**TASK**
Task for the records below: copy exactly, and only, the line containing "69岁金丹老祖😂😂我所有里面结金丹最快的了,我最快成元婴期的350岁左右。" and every line after it to the end, with pictures left out.
(GIVEN DATA)
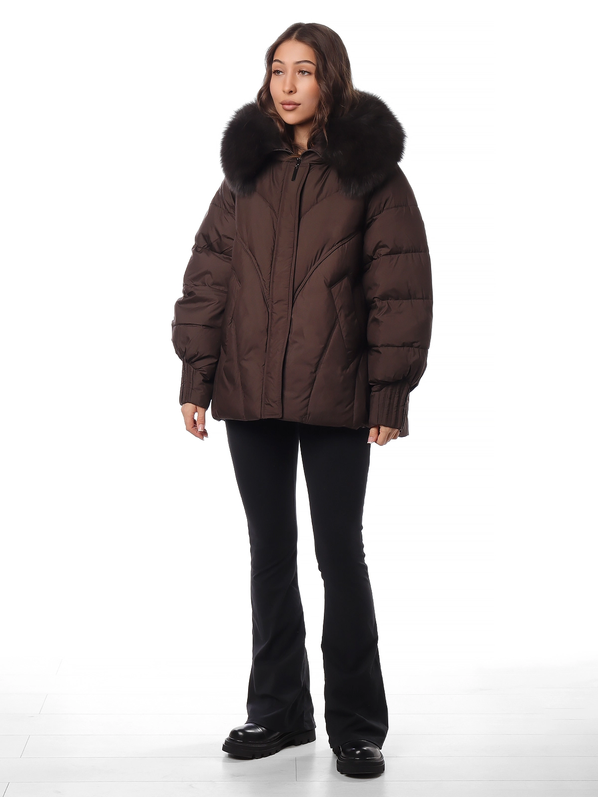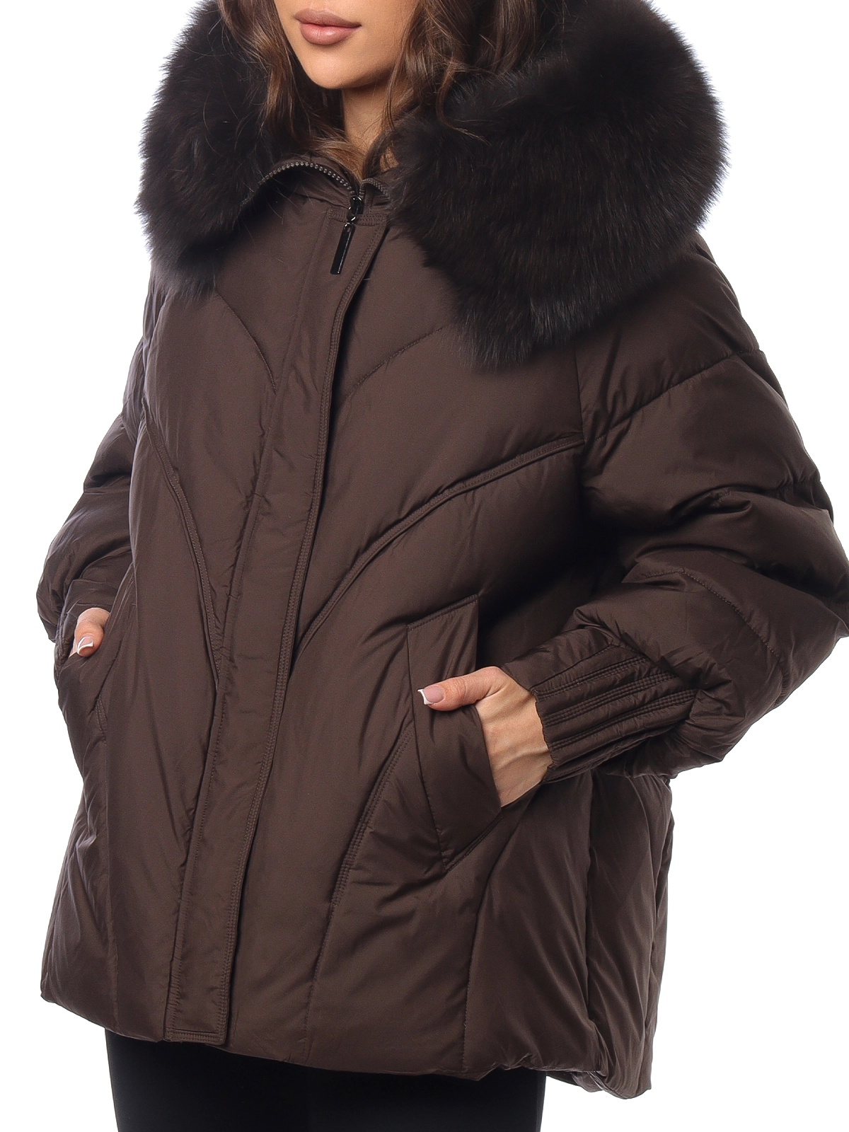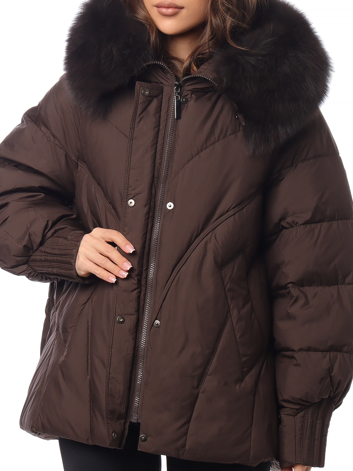 Главный акцент куртки – объемный капюшон с богатой меховой опушкой, который не только великолепно выглядит, но и надежно защищает от ветра и мороза.
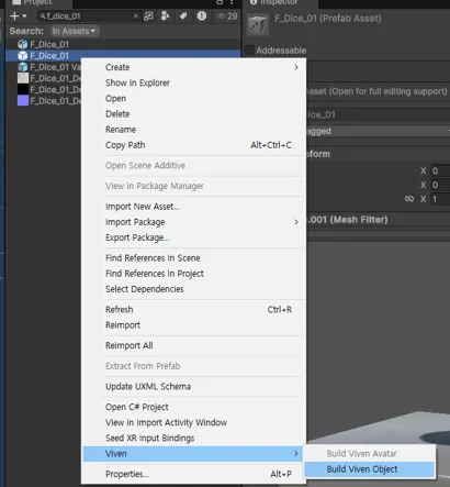 만들어진 F_Dice_01을 우클릭한 후 Viven→BuildVivenObject 버튼을 클릭합니다.
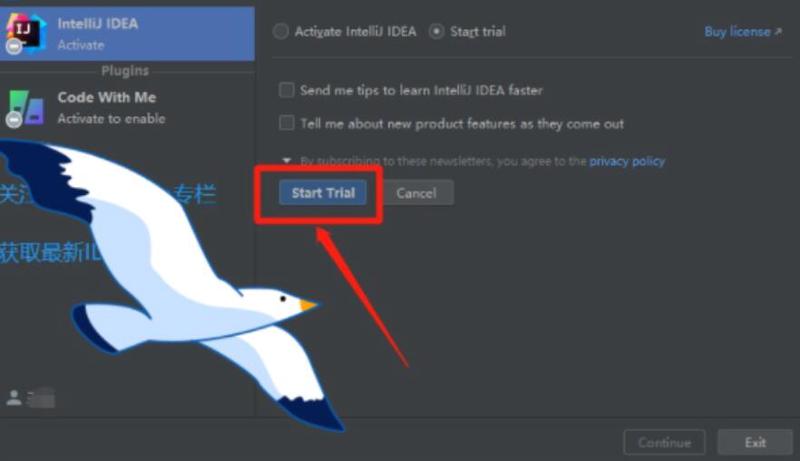 这个时候回到IDEA界面,点击 Start Trial,开始使用即可,上面的两个选项不用勾选(这种方法可以试用一个月)
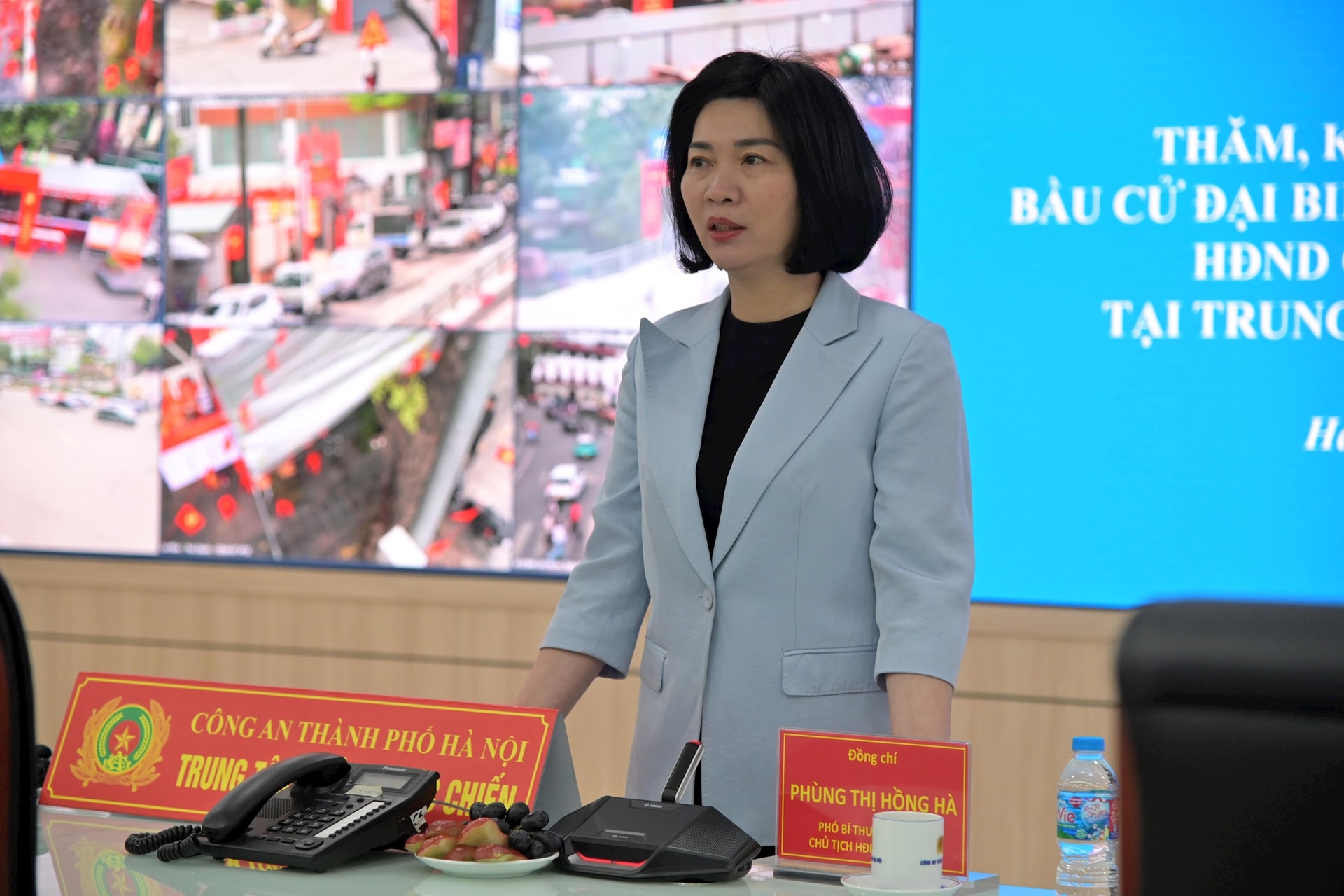Tại buổi làm việc, Chủ tịch HĐND thành phố Phùng Thị Hồng Hà nhiệt liệt biểu dương và đánh giá rất cao sự vào cuộc chủ động, bài bản, đi trước một bước của Công an thành phố trong việc triển khai các nhiệm vụ bảo đảm an ninh trật tự cho cuộc bầu cử.
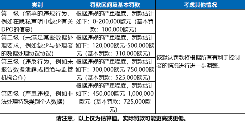 第一级:一般违规,例如隐私声明中缺少有关DPO的信息等;
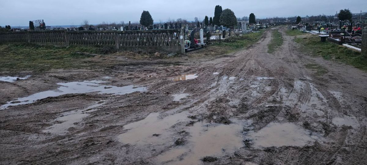 На въезде со стороны Молодечно видна размокшая дорога, которую водители уже объезжают, не щадя посевы. Со стороны самого агрогородка ситуация еще хуже: огромная лужа протяженностью в несколько метров заставляет машины маневрировать буквально по краю могил. На некоторых захоронениях уже повреждено ограждение.
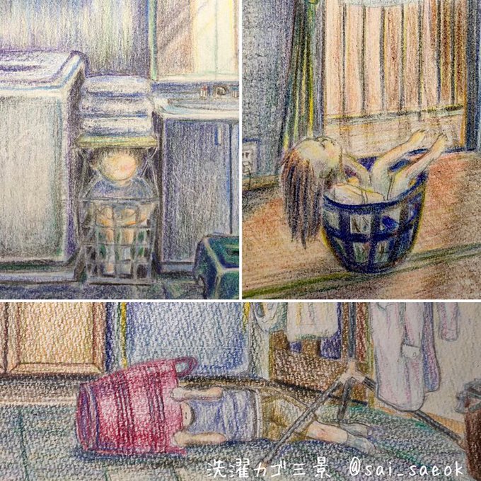 洗濯カゴ三景〜③〜 籠城 やっとこさ色塗りました! 今回の色塗りは及第点といった感じですが洗濯カゴの部分はかなり好き。絶対IKEAに売ってる。 #イラスト #イラスト好きさんと繋がりたい #みんなで楽しむTwitter展覧会 #アナログ画 #オリキャラは性癖の見本市
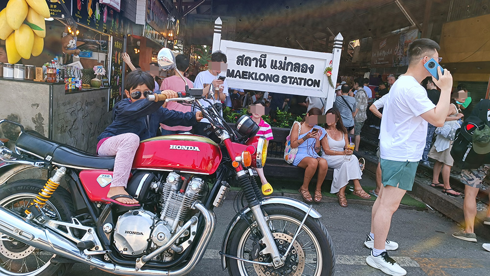 午後には、線路の上に開かれる市場、メークローン市場を訪れました。電車が通る直前に露店を畳み、列車が過ぎた後に元に戻る――その瞬間のスリルは息子も大興奮。「どうしてみんな、こんなところで売るの?」という相棒の素朴な疑問に、地元の文化や歴史を少しだけ語る場面もありました。このバイク旅は社会見学、修学旅行でもあります。
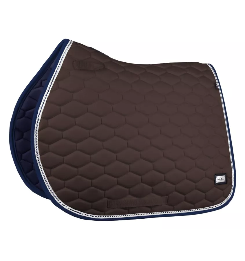 Czaprak Hexagon wykonany z wysokiej jakości materiałów. Bardzo elegancki, podszyty oddychającą i szybkoschnącą siateczkową podszewką. Posiada anatomiczny krój, który zapewnia idealne dopasowanie do grzbietu konia zapewniając mu maksymalny komfort. Delikatnie pikowany oraz ozdobiony kontrastową lamówką. Wyposażony w paski do przystuł oraz pasek na popręg. Prosty w utrzymaniu czystości.
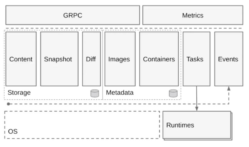 接下来讲一下容器引擎,我们基于 CNCF 的一个容器引擎上的 containerd,来讲一下容器引擎大致的构成。下图是从 containerd 官网拿过来的一张架构图,基于这张架构图先简单介绍一下 containerd 的架构。
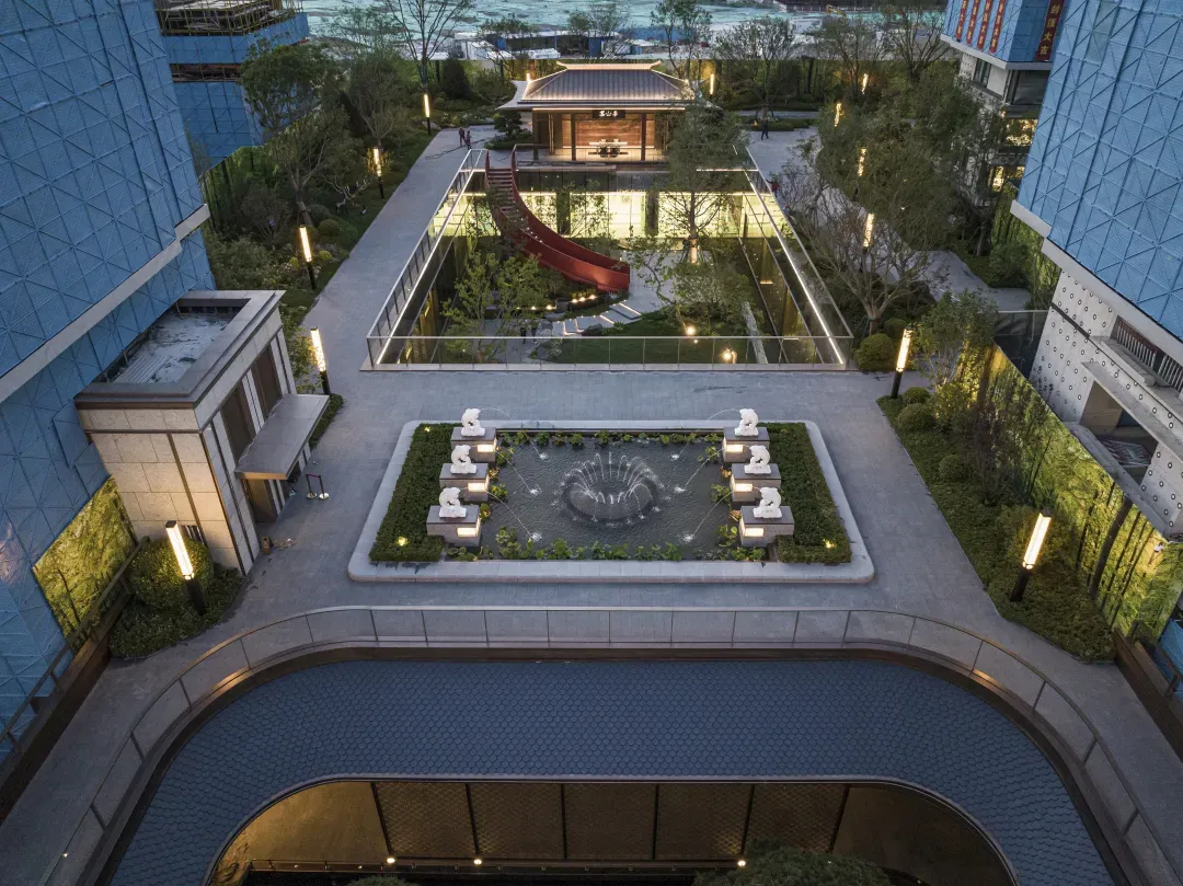 项目亮点:首层架空创新:5.6米架空层高度,社区外围环绕400米环形城市绿化,形成“悬浮”视觉。首层户型通过下沉庭院设计,实现“全明下跃立体宅”,私享独门独院空间。架空层顶部采用微地形术,局部垫高1.8米形成丘陵景观,下沉0.1-0.2米打造“绿谷坐席”。
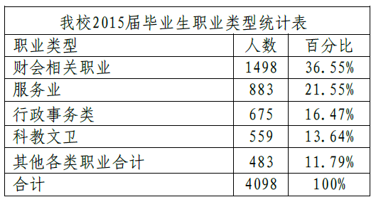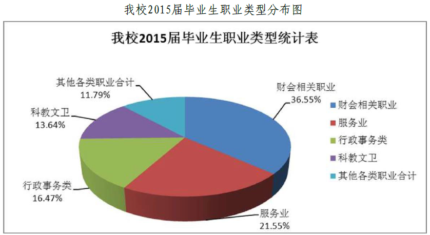 从职业类型分布来看,我校2015 届毕业生的职业类型,比例最高的为财会相关职业,占 36.55%;其次是服务业,占 21.55%,再次是行政事务类,占 16.47%,科教文卫类职业占 13.64%,其他各类职业合计11.79%。
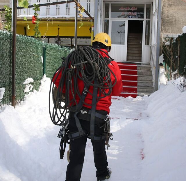 Erzurum'da çatılardaki tehlikeye karşı profesyonel dağcılar "buz timi" kurdu
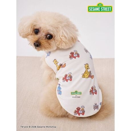 エルモ、クッキーモンスター、ビッグバード、オスカー、そしてアーニーとバートをランダムにプリントした総柄の犬猫用プルオーバーです。それぞれのキャラクターの傍には、ピケブルーのボーダー柄のモコモコをまとったアイテムが描かれているのがポイント。オフホワイトベースの柔らかなカットソー素材で、季節を問わず着用いただけるアイテムです。オーナー様のルームウェアと合わせてリンク・コーディネートもお楽しみいただけます。
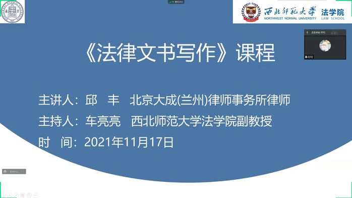为提升学生专业素养,拓展学生实务技能,强化法学专业的内涵建设,2021年11月17日新葡萄邀请邱丰老师为2020级法律硕士研究生开设《法律文书写作》实务课程。
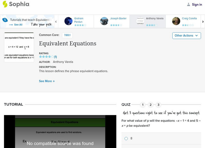 This lesson defines the phrase equivalent equations. It is 1 of 5 in the series titled "Equivalent Equations."
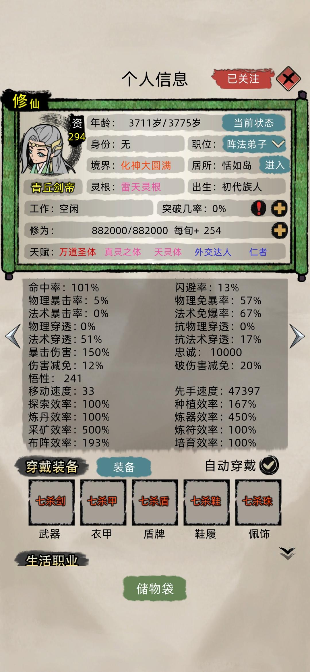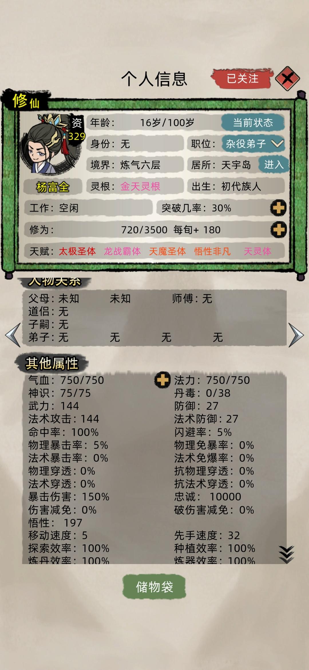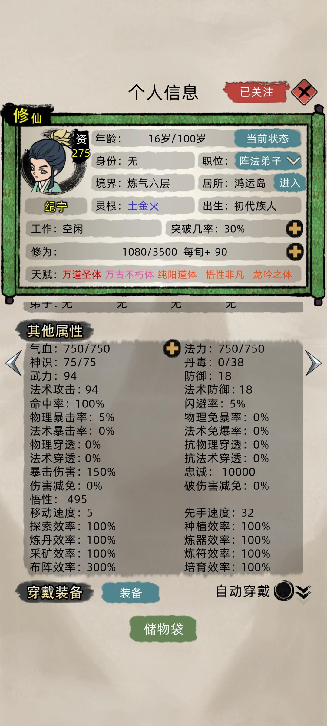 69岁金丹老祖😂😂我所有里面结金丹最快的了,我最快成元婴期的350岁左右。
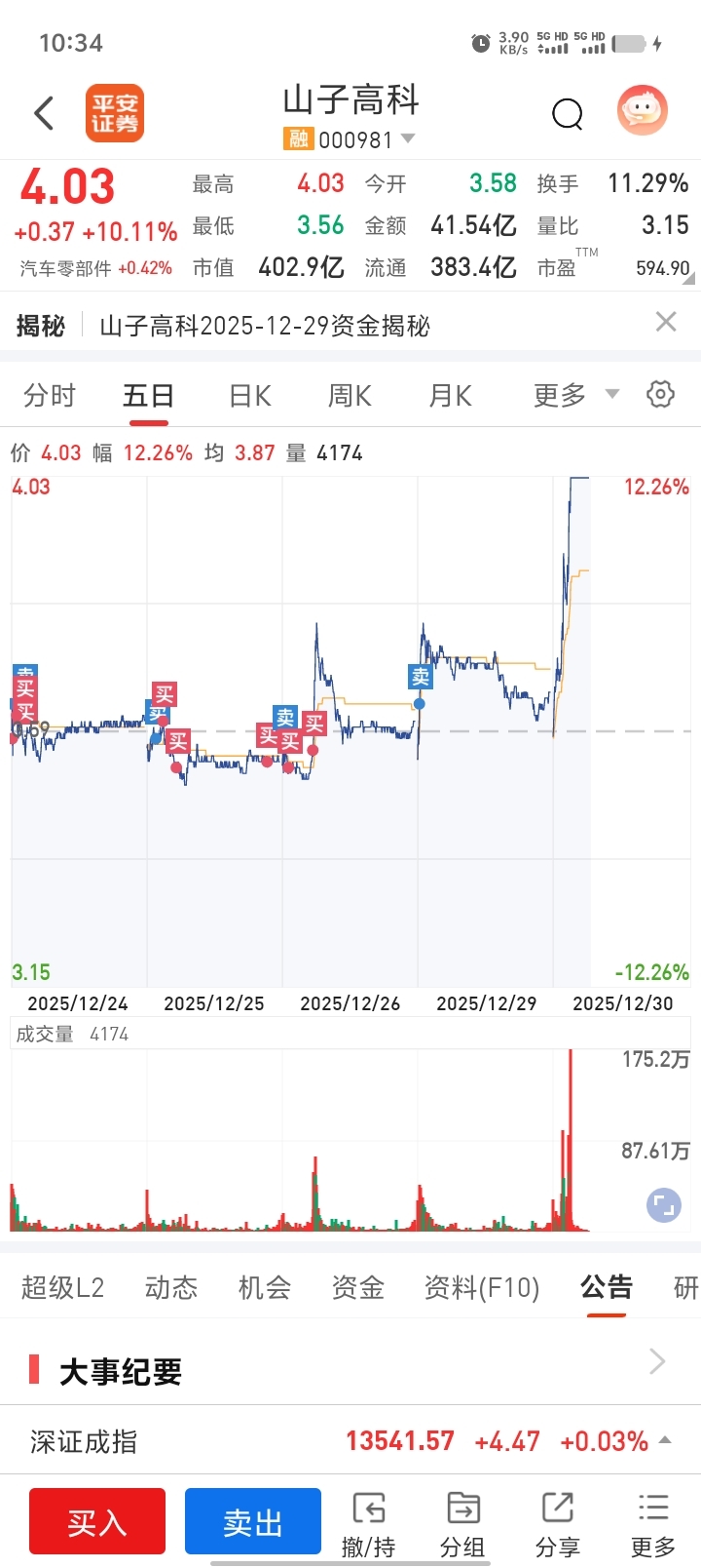 $山子高科(SZ000981)$ 想着今天接回家,
(End GIVEN DATA)
**YOUR SOLUTION**
 69岁金丹老祖😂😂我所有里面结金丹最快的了,我最快成元婴期的350岁左右。
 $山子高科(SZ000981)$ 想着今天接回家,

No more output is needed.